US officials on Monday confirmed the arrest of a dozen Americans in Yemen. Last week Yemeni officials reported the arrests of foreigners as part of a Yemeni roundup of individuals suspected of taking part in a surge of Al Qaeda planning and organizational activity in the desert country over recent months.

IN PICTURES: American Jihadis

Those arrests, which come as the US provides Yemen with millions of dollars in counterterrorist assistance, follow the indictment June 3 of a Texas man the FBI believes was trying to deliver money and materials to the Yemen-based Al Qaeda in the Arabian Peninsula (AQAP).

The FBI says the Texas man, Barry Bujol Jr., had been under investigation since 2008, over which time he had communicated by e-mail with the American-born radical Muslim cleric Anwar al-Awlaki seeking advice on how to contribute to “jihad.”

Mr. Bujol, who was arrested May 30 as he boarded a ship in a Texas port, is accused of seeking to deliver money and devices including GPSs and cell phone chips to AQAP – the same organization that claimed a role in the attempted Christmas Day bombing of a Detroit-bound airliner.

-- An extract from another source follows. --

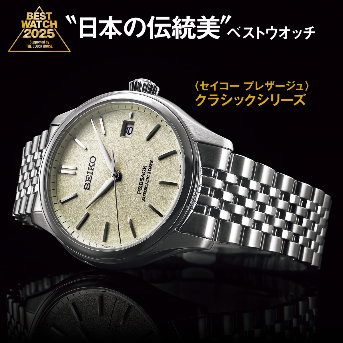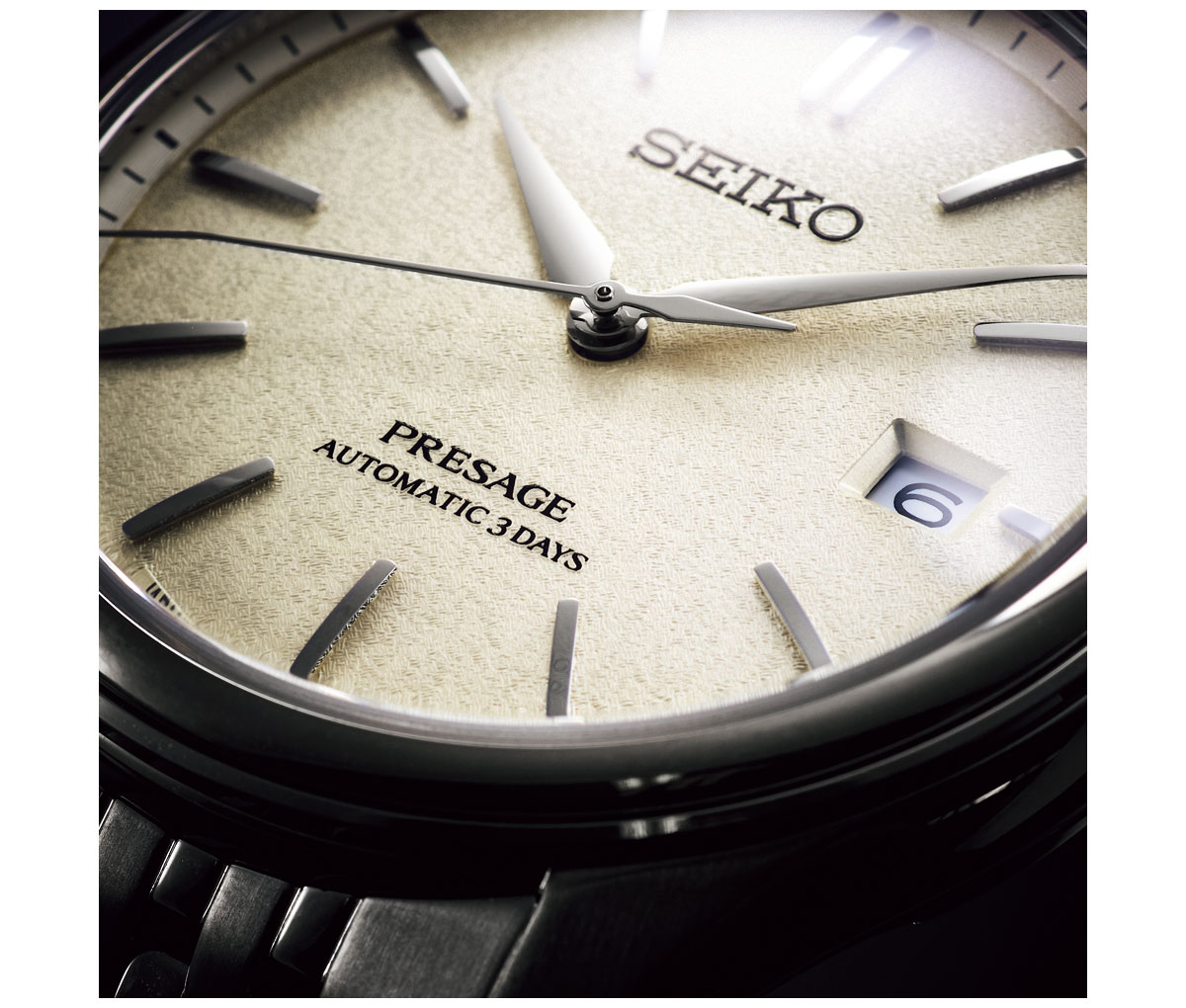 洗練されたダイヤルは、絹の柔らかな風合いを思わせる型打ち形成。和の伝統色“素色(しろいろ)”で上品かつ繊細に仕上げた現代には効率的で便利なモノがあふれる一方、手に取るほどにそのよさが際立ち、長く寄り添いたくなる道具がある。ライフスタイルになじむ実用性と、使うことでこそ引き立つ美しさ。その両方を感じさせてくれるのが、〈セイコー プレザージュ〉のクラシックシリーズだ。まず目を惹くダイヤルは、まるで絹の柔らかな質感を思わせる型打ち模様に、何色にも染まっていない純粋な繊維本来の色を表現した和の伝統色“素色(しろいろ)”で仕上げた。また新開発だという多連ブレスレットは、横から見ると丸みのあるコマが並んでおり、手首になじむような軽やかな着け心地を得られる。文字盤、ケース、ブレスレット、すべての細部まで宿るのは、日本的な“用の美”にも通じる、控えめでしなやかな美意識。手に取りやすい価格帯の1本として、ぜひ手にして味わって欲しい価値ある逸品だ。
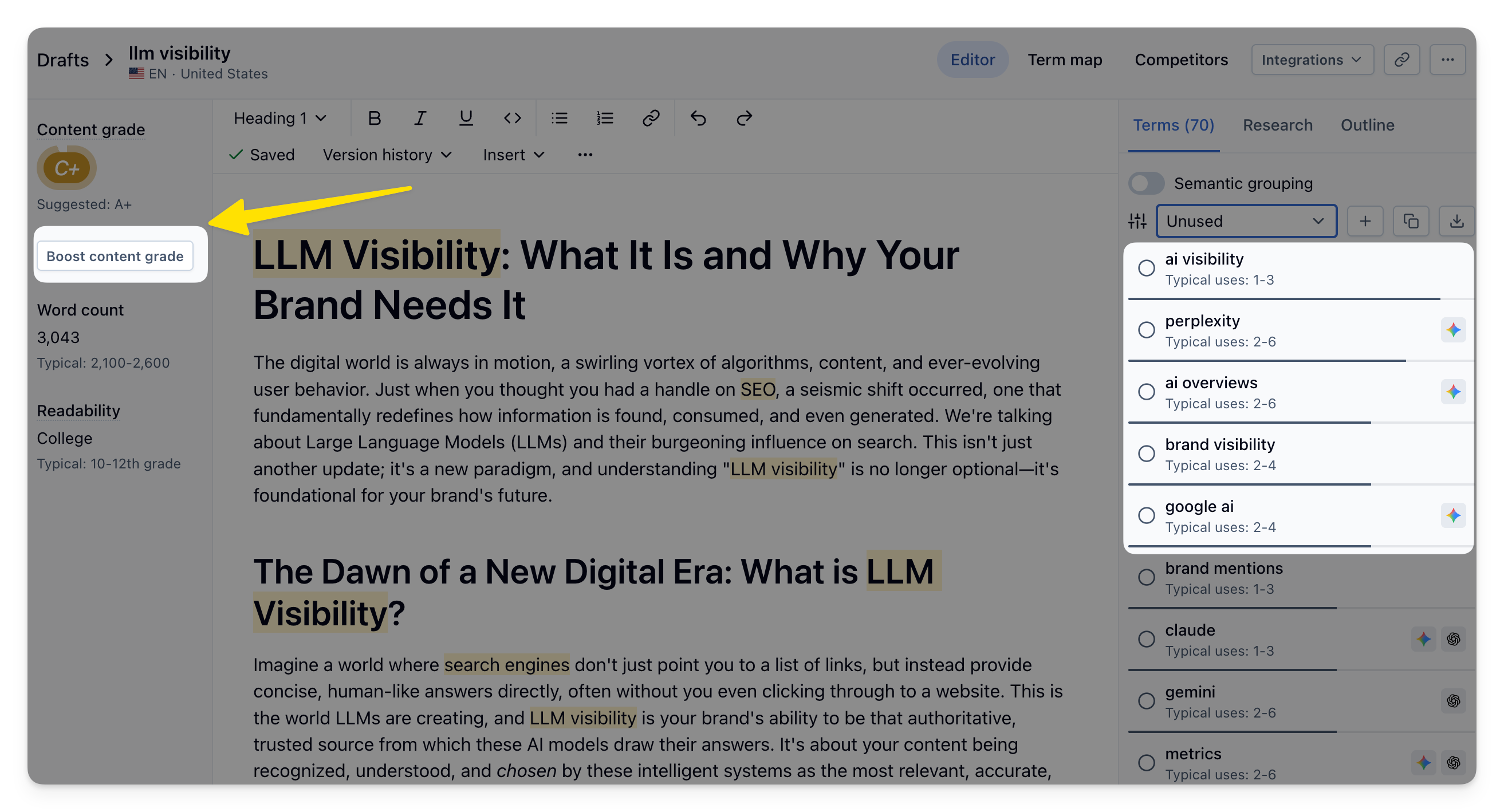 Today, we’re introducing Boost Content Grade, a one-click feature designed to close that final gap and help teams reach their target content grade with greater speed and confidence.

On Saturday, two New Jersey men were arrested at Kennedy International Airport in New York as they sought to board a flight to Egypt on their way to Somalia. Federal authorities said the men, under investigation since 2006, hoped to join Al Shabab, the Somalian extremist group aligned with Al Qaeda.

At the State Department Monday, spokesman Philip Crowley refused to discuss specifics of the arrests in Yemen of American citizens, confirmed last week by Yemeni security forces. But Mr. Crowley used the topic of what he said were 12 arrested Americans to praise US-Yemeni cooperation in the counterterrorism field.